No matter how you look at it, Hurricane Dorian is a scary sight.
But the more eyes on the storm, the better chance meteorologists and emergency responders have to keep people safe. And so NASA and the National Oceanic and Atmospheric Administration (NOAA) have a host of satellites studying the hurricane.
All of the data those satellites gather go into statements issued by NOAA's National Hurricane Center (NHC), which is currently forecasting that Dorian will head west across the northern Bahamas as a major hurricane over the weekend, then hit southern Florida as a hurricane, albeit a slightly weaker one, on Tuesday (Sept. 3).
NASA has a particularly strong interest in Dorian, since the storm is currently predicted to wallop the agency's main spaceport, Kennedy Space Center. The facility's personnel have been preparing for the storm since Wednesday (Aug. 28).

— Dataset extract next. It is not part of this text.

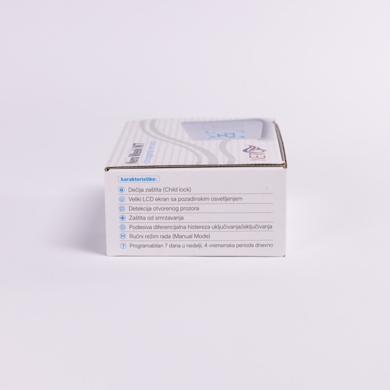 Termostat omogućava programiranje po danima u nedelji, sa mogućnošću podešavanja do četiri vremenska perioda dnevno. Za svaki period može se definisati željena temperatura, čime se grejanje prilagođava dnevnom ritmu korisnika.

High on the list of concerns was the Mobile Launcher, a 400-foot-tall (122 meters) that will support NASA's new SLS rocket designed for deep-space missions. Such a tall structure is an obvious hazard in hurricane-force winds, and personnel arranged for it to be moved into Kennedy's 52-story-tall Vehicle Assembly Building to wait out the storm.
The Kennedy Space Center Visitor Complex also decided to close on Sunday (Sept. 1) for safety.
The International Space Station has passed over the storm and added to the observations meteorologists are relying on from satellites. Those satellites are particularly tuned to calculating rainfall and studying the structure of the storm clouds that make up the hurricane.
Orbiting at approximately the same altitude as the space station is a tiny weather satellite called Temporal Experiment for Storms and Tropical Systems Demonstration (TEMPEST-D). About the size of a cereal box, TEMPEST-D can spot the areas of highest moisture in the storm and is part of a test program to miniaturize weather satellites to blanket the globe in real-time storm tracking technology.
NASA's Aqua satellite carries an Atmospheric Infrared Sounder instrument that can identify the very tall thunderstorm clouds associated with the heaviest rainfall, which appear cooler to its sensors.
Another instrument, onboard NASA's CloudSat satellite, produces cross-section imagery of knots of clouds. Scientists can learn about the height and layers of clouds and the size of the precipitation droplets inside of them, which helps them identify where in the storm carries the most threatening rainfall.
One NASA-run model pulls these types of data together, and a preliminary analysis of it suggested that certain areas affected by the storm could receive nearly 5 inches (120 millimeters) of rain within 24 hours, according to a statement.